現状、ワクチン3回未接種の旅行者が韓国から日本に帰国する場合、コロナの陰性証明書が必要だ。「ソウルの踏十里(タプシムリ)駅から徒歩5分くらいのところに位置するシジェン医療財団ではPCR検査と陰性証明書をセットで取得することができます。費用は日本円で約6500円。検査後、およそ4時間から6時間で結果がメールで来ます。ソウルではこちらが最も安いといわれていますが、それでも旅行者にとって金銭的、時間的負担が大きいのでは」(ソウル在住編集者)。タイ・バンコクではMedConsult Clinicが日本人の間で有名だ。費用は日本円で約6000円。地元の庶民向け食堂の定食が1食200~300円ほどというバンコクの物価を考えると決して安い金額ではない。日本語が通じるDYMインターナショナルクリニックだと約1万円もかかるという。

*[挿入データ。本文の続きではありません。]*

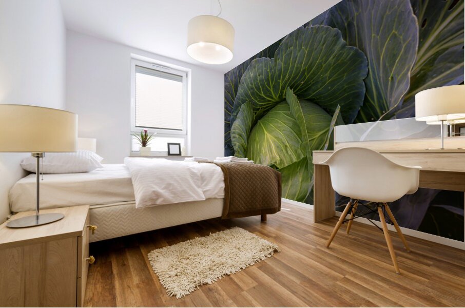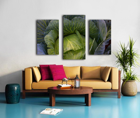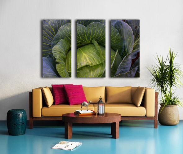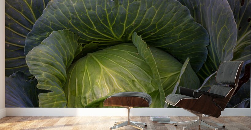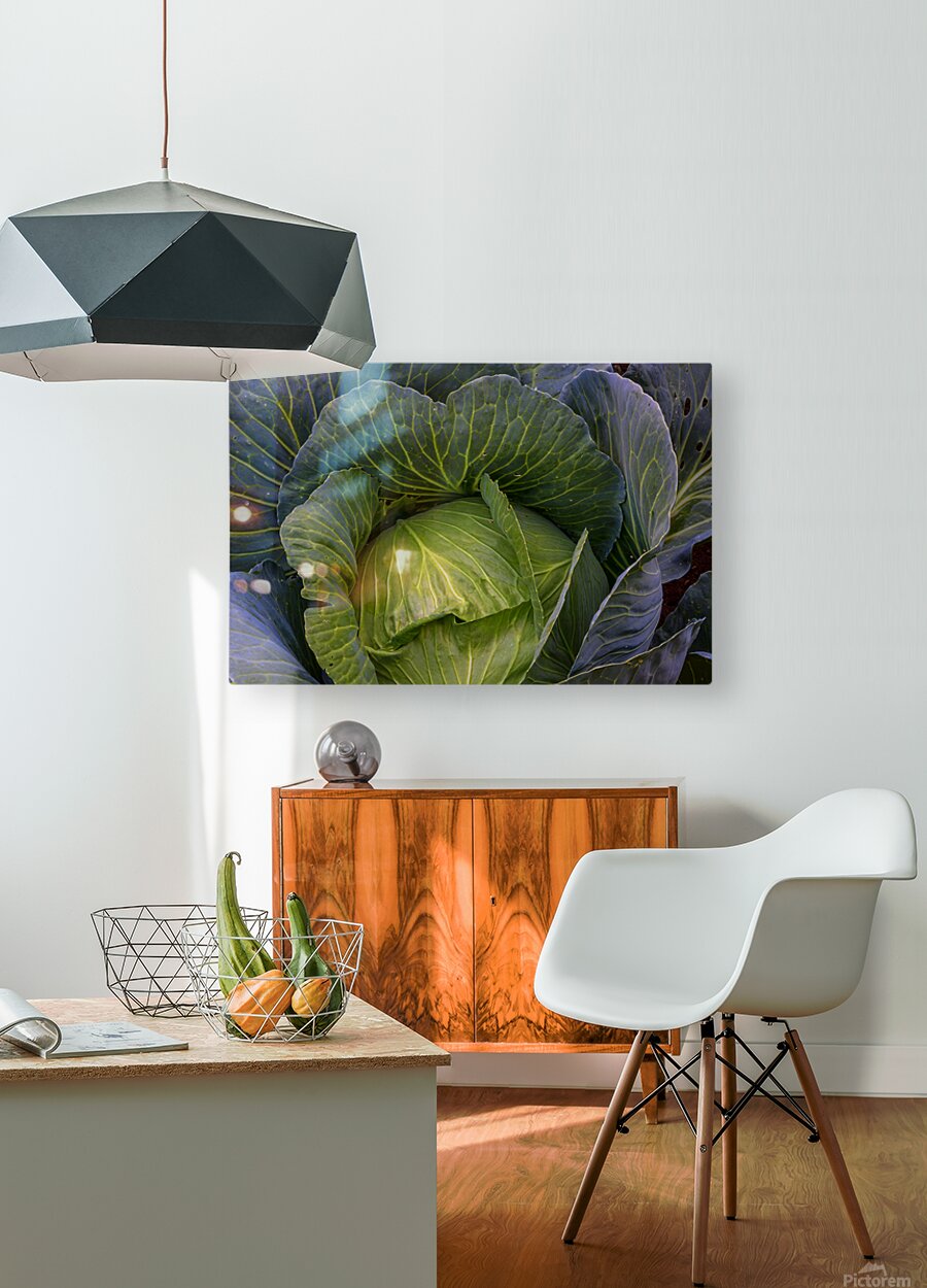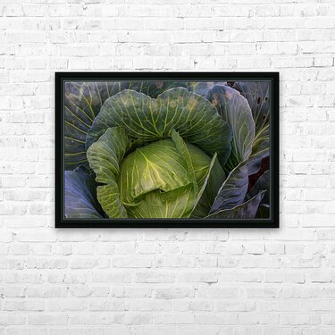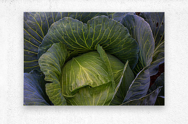 A captivating fine art photograph revealing the lush intricate beauty of a vibrant green cabbage. The image highlights the detailed network of veins across its broad curving leaves and the subtle purple hues hinting at its depth creating a rich tapestry of natural texture and form. This piece celebrates the organic artistry found in the garden bringing a fresh grounding presence to any kitchen dining area or living space. A perfect choice for those who appreciate the subtle elegance of natures design. Limited Edition.
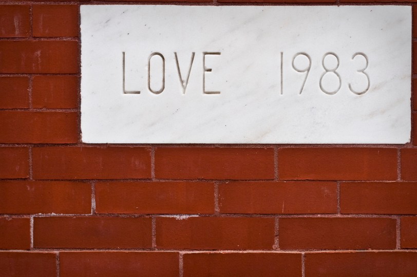 After the meditation I got together with my friend Pam. As we were walking, she pointed out these engraved stones on the brick building we were passing. I like this one below – because it made me think of 1983. I was 4 years old in nursery school. At that age, I probably only loved my parents, my sister, my dogs and my grandparents… oh, and maybe a Cabbage Patch Kid or 2 (yes, the Cabbage Patch phenomenon started in 1983). I think by the end there were 11 in my family. We were privileged children. Who did you love in 1983?
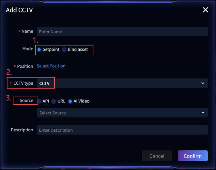 CCTV资产名称自定,新增方式可选择 1.添加点位或绑定资产 进行新增,2.CCTV类型选择【CCTV】,3.数据来源需要选择【AI video】,下拉选择数据。
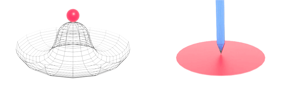 图5. (左图) “墨西哥帽”形状的希格斯场中的粒子和(右图)用笔尖站立的铅笔。展示了自发对称性破缺——对称,但瞬间破缺

そもそも、政府が新型コロナウイルスの感染症法上の分類を「5類」に格下げする、と発表したのは1月27日。そして開始は大型連休明けの5月8日だ。医療体制や医療費の自己負担などに検討が必要ということだが、「実施を3か月以上も先にしたのは遅過ぎます。実際、シンガポール政府は2月9日に新型コロナウイルスパンデミックの終息を宣言し、わずか4日後の2月13日から規制撤廃に踏み切っているわけですから。完全開国が遅れれば遅れるほど海外の観光客をタイやシンガポールなどに奪われてしまいかねません」と日本人バックパッカーはため息をつく。
政府は2030年までに訪日外国人旅行者数を2020年目標の4000万人から6000万人に引き上げる計画を掲げている。かなり先の話とはいえ、世界中で観光客の奪い合いが繰り広げられている以上、うかうかとしてはいられない。デジタル庁は入国者に対し検疫、入国審査、税関申告がスマホ画面で確認できる「Visit Japan Webサービス」を運営しているが、空港での検疫風景を見て首をかしげる旅行者は多い。最近、海外から帰国したマスコミ関係者がこう明かす。

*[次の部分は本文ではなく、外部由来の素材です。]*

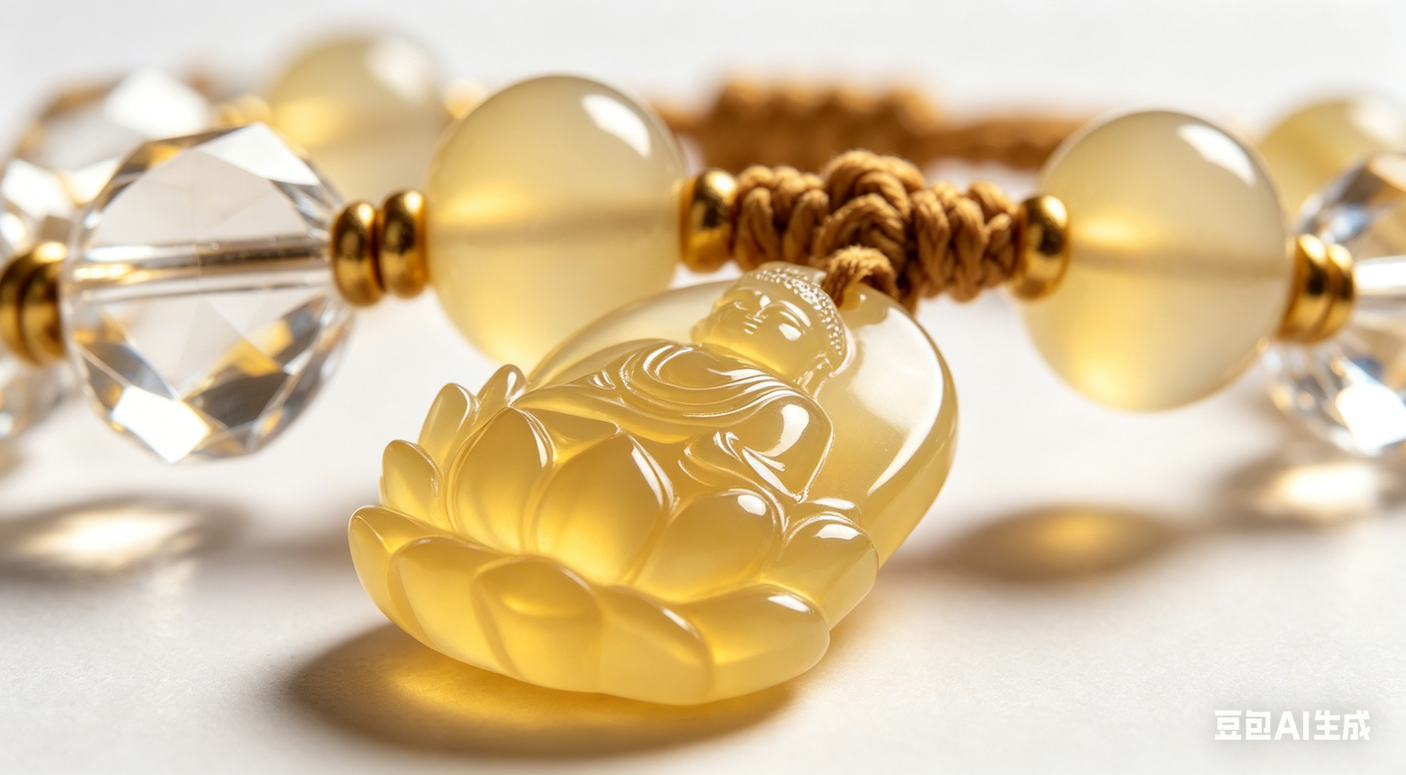Faceted clear quartz beads catch and radiate light from every angle, paired with smooth creamy golden chalcedony beads for warm grounded energy. The intricately carved lotus pendant sits gracefully at the center, anchored by durable hand-braided cord and polished gold accent beads.
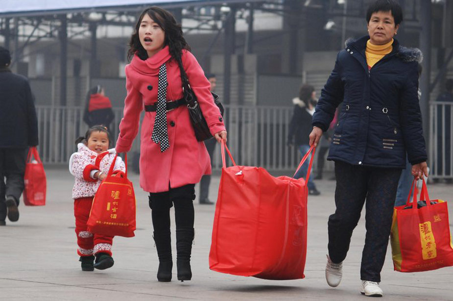 一年一度的春运今日起正式开始。2010年的春运从1月30日起至3月10日,为期40天,其中节前15天,节后25天。据权威预测,今年春运客运量料超25亿人次。图为1月30日,长沙火车站,出行的旅客携带着大小包裹匆忙赶路。郭立亮 摄

「Visit Japan Webにデータを打ち込んで画面が青色に変わったら入国OKとなるわけですが、入国審査までの空港内の通路には係員が約30人ほど群がっていて、スマホ画面を一つ一つ目視でチェックしていました。現地出国時に航空会社係員によるチェックがあり、帰国時にも再度チェックがあるという二度手間の状態。あまりの人海戦術ぶりは文字通り目を疑う光景でしたね。いったい人件費にいくらかけているのでしょうか? 中には何もしないでぼーっと立っている係員もいました。何のためのIT化かさっぱり分かりません」。これでは海外からの観光客も戸惑うばかりだろう。こうした指摘を受けて、空港検疫では5日から日本到着時にワクチン証明書または陰性証明書の確認を取りやめている。つまり煩雑なダブルチェックを撤廃したというわけだ。
「Visit Japan Web」の運営が5月8日以降も続くのか不明瞭だが、いずれにせよこの日以降、日本はやっと“完全開国”となり海外旅行客の増加にもつながりそうだ。